First impressions are often described as the most important detail of any interaction. However, it is only one piece of ensuring a successful tour. A successful tour cannot rely solely on the community’s sales counselor or community relations team. It requires the involvement of each and every team member to maximize the prospect’s experience and increase engagement. Aside from providing tour folders and brochures, there are other ways to make sure your community stands out among the competition and remains top-of-mind for the prospect.
- Engage with residents. Throughout the tour interact with residents and greet them by name. This will brighten up your residents’ days and show your prospects your community puts a focus on respecting and getting to know each individual.
- When touring with prospective residents and their adult children, always speak to the prospective resident before the adult child. Speak with the prospective resident directly to understand what they are looking for in a community and cater to their needs. If a prospect enjoys playing bridge with friends, showcase your bridge groups and introduce the prospect to a fellow bridge-loving resident if they are available. Tailoring each tour to what the prospect is interested in will help drive positive emotions and allow for the prospect to envision themselves in your community.
- Prepare your team with a tour guide manual so they can assist in tours if the sales and marketing teams are not available. If there is a question the prospect asks and the team member does not know the answer, have the team member write it down and let the prospect know they will get them an answer by the end of the day. It is better to admit you do not know something than to guess and potentially destroy the trust between the organization and the prospect.
- Oftentimes the cost of a community can cause sticker shock for the prospect and family. By providing an informative worksheet on what is included in your community compared to the services they are currently paying for in their home can help ease their mind. For example, if someone were paying $85 per month for their water bill and $50 for electricity, this dollar amount would be eliminated upon move-in since water and utilities are included.
- Customer service training may be necessary for direct-care team members and the administrative team. While walking through the community, ensure you interact with other team members who are smiling and open for questions. Many times, the sales and marketing teams do not have clinical experience, and sometimes these types of questions will arise. Make sure your team is trained on how to respond to questions or knows who to ask in order to answer questions and communicate with tour prospects appropriately.

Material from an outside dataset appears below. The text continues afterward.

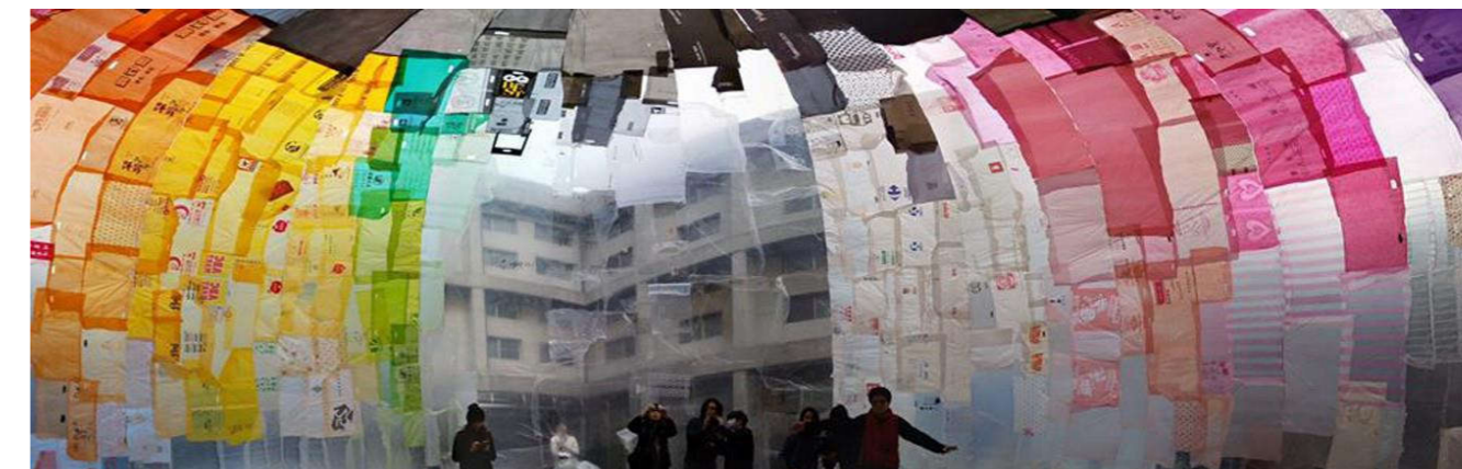
Re_create Taipei una instalación de Basurama 25 , un antedecente al Serpentine Gallery Pavilion de Selgas Cano pero con las componentes del reciclaje y la sostenibilidad.

Estudios como Basurama 23 p PKMN 24 han llevado a cabo acciones que reivindican precisamente estos procesos en los que los desechos se transforman en materia prima para llevar a cabo instalaciones que además gracias a un profundo ejercicio de proyecto y reflexión acaban teniendo resultados gratamente atractivos sin que dejemos de ser conscientes de que se han llevado a cabo con desperdicios de nuestro día a día y de la crítica que subyace en ellos al estilo de vida contemporáneo que tan lejos está de la sostenibilidad.

- Follow up. Ending a tour is not the end – it is just the beginning! Follow up the next day to see if any additional questions arose. If the prospect is a few months away from moving in, ask for permission to add them to your database to ensure you remain top-of-mind. Continue to provide value each step of the way.
There are various strategies a community can implement to improve the touring process, and many of them can be utilized immediately. Be creative, be proactive, and most importantly, be genuine and meet prospects where they are in the process.